2 Il parere al quale il Governo fa riferimento, è il parere 414 del 6
agosto 2007 con il quale l’Autorità antitrust prende in esame la disciplina per
i phone center della regione Lombardia.
3 La citata norma dispone che:
“4. L'Autorità ha diritto di corrispondere con tutte le pubbliche
amministrazioni e con gli enti di diritto pubblico, e di chiedere ad essi, oltre
a notizie ed informazioni, la collaborazione per l'adempimento delle sue
funzioni. L'Autorità, in quanto autorità nazionale competente per la tutela
della concorrenza e del mercato, intrattiene con gli organi delle Comunità
europee i rapporti previsti dalla normativa comunitaria in materia”.
4 L’articolo 22 la cui rubrica esplicita l’ambito dell’attività
consultiva del garante antitrust, prevede che:
“1. L'Autorità può esprimere pareri sulle iniziative legislative o regolamentari
e sui problemi riguardanti la concorrenza ed il mercato quando lo ritenga
opportuno, o su richiesta di amministrazioni ed enti pubblici interessati.
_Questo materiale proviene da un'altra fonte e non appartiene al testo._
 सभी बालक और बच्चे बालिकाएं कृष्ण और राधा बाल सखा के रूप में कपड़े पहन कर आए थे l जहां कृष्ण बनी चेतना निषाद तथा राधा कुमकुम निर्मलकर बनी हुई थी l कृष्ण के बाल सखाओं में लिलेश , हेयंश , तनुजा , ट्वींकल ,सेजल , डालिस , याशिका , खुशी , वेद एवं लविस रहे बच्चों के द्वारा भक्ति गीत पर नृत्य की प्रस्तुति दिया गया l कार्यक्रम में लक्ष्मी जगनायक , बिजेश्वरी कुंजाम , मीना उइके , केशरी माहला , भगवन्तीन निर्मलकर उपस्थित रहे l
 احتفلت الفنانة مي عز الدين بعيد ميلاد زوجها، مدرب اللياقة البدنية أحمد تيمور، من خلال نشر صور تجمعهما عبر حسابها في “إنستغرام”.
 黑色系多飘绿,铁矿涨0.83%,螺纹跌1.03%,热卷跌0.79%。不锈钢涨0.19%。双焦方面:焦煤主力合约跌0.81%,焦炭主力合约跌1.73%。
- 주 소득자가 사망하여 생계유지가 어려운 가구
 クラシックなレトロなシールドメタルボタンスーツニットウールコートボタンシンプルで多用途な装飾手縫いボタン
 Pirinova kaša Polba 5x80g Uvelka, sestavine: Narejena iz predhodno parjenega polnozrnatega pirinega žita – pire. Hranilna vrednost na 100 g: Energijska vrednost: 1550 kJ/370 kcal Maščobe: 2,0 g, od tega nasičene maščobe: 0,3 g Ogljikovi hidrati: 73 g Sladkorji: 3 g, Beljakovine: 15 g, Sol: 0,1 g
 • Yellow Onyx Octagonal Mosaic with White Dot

Il
Presidente del Consiglio dei Ministri può chiedere il parere dell'Autorità sulle
iniziative legislative o regolamentari che abbiano direttamente per effetto:
a) di sottomettere l'esercizio di una attività o l'accesso ad un mercato a
restrizioni quantitative;
b) di stabilire diritti esclusivi in certe aree;
c) di imporre pratiche generalizzate in materia di prezzi e di condizioni di
vendita.”
5 In tale occasione, l’Autorità così si è espressa: “L’Autorità
vuole, altresì, sottolineare come non sia accettabile che in sede interpretativa
si proceda a circoscrivere la portata di una legge nazionale, che, nel caso di
specie, ha voluto favorire la promozione di assetti maggiormente competitivi in
tutto il settore della distribuzione commerciale, eliminando limiti e
prescrizioni restrittivi della concorrenza, coerentemente con gli obiettivi di
liberalizzazione e di apertura alla competizione perseguiti dalla riforma.
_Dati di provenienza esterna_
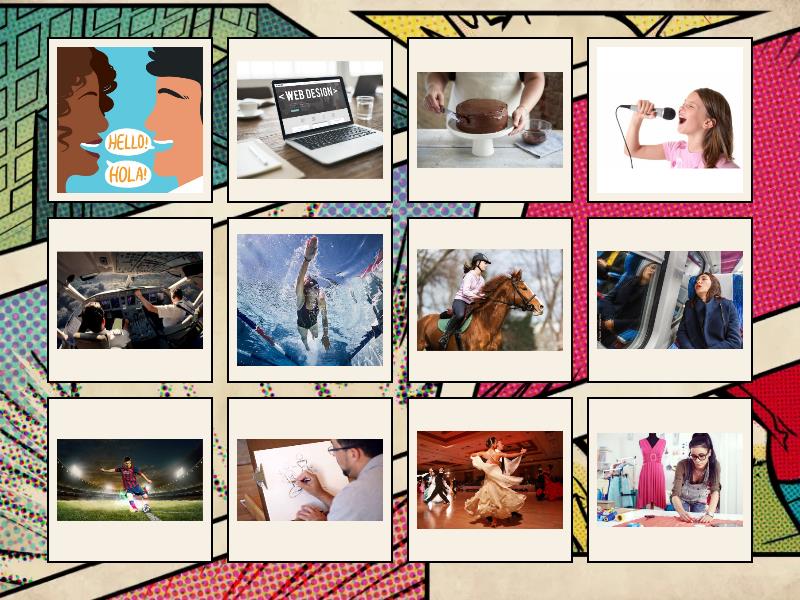 Build a website, Dance, Draw pictures, Fly a plane, Make a cake, Make clothes, Play football, Ride a horse, Sing, Sleep on a train, Speak two languages, Swim,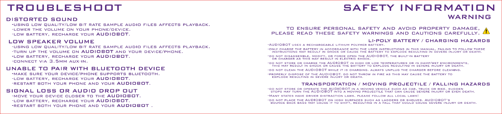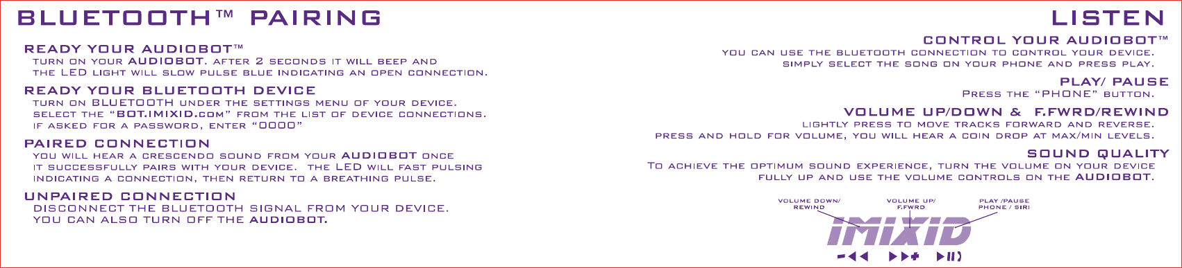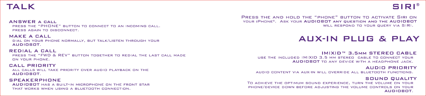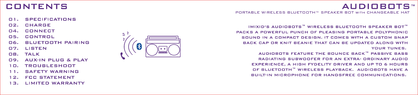 ORIGINAL SOUNDTRACK TECHNOLOGY 71001 Bluetooth Speaker User Manual 2014 04 17 AUDIOBOTS BT MANUAL X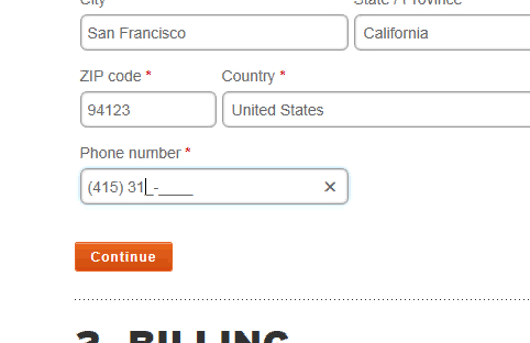 For this reason, it’s important that input masks provide empty placeholder formatting as users enter the field to clarify the expected format of fields, and to clarify that the user is not supposed to type formatting themselves. During testing, all subjects immediately picked up that, when putting focus on a phone number field with an input mask, the use of underscores and parentheses in the placeholder text clarified that they only had to type the phone number digits, whereas if the field had no placeholder formatting it was more difficult for users to know whether or not they had to type formatting characters.

L’interpretazione fornita dalla Risoluzione ministeriale, peraltro, si pone in
evidente contrasto con la lettera dello stesso articolo 3 della legge n.
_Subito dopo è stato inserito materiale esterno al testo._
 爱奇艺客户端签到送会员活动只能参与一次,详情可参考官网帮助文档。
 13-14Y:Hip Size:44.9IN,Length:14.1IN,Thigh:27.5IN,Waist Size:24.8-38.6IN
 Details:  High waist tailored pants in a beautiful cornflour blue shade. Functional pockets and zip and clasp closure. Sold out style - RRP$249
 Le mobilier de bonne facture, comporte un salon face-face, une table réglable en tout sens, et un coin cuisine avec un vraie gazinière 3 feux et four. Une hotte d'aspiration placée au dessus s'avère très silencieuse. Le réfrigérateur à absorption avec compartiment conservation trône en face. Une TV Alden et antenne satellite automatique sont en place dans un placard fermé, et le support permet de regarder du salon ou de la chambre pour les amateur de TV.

248/2006, che espressamente include nel proprio ambito di applicazione sia le
attività commerciali individuate dal dlgs n. 114/1998 che le attività di
somministrazione di alimenti e bevande. Al riguardo rileva, infatti, la
circostanza per cui, stando al testo della legge, l’esclusione delle attività di
somministrazione di alimenti e bevande dalla applicazione di alcune delle
esenzioni introdotte dall’articolo 3 rappresenta un’eccezione, che è stata di
volta in volta esplicitata dal legislatore, ed in ogni caso non riguarda i
limiti quantitativi di cui al punto d) di cui trattasi. In conclusione,
l’Autorità auspica un intervento tempestivo del Ministero dello Sviluppo
Economico a favore di una lettura della disposizione normativa in parola
coerente con la lettera dello stesso articolo 3 della legge n. 248/2006 ed in
linea con lo stesso spirito della legge Bersani.”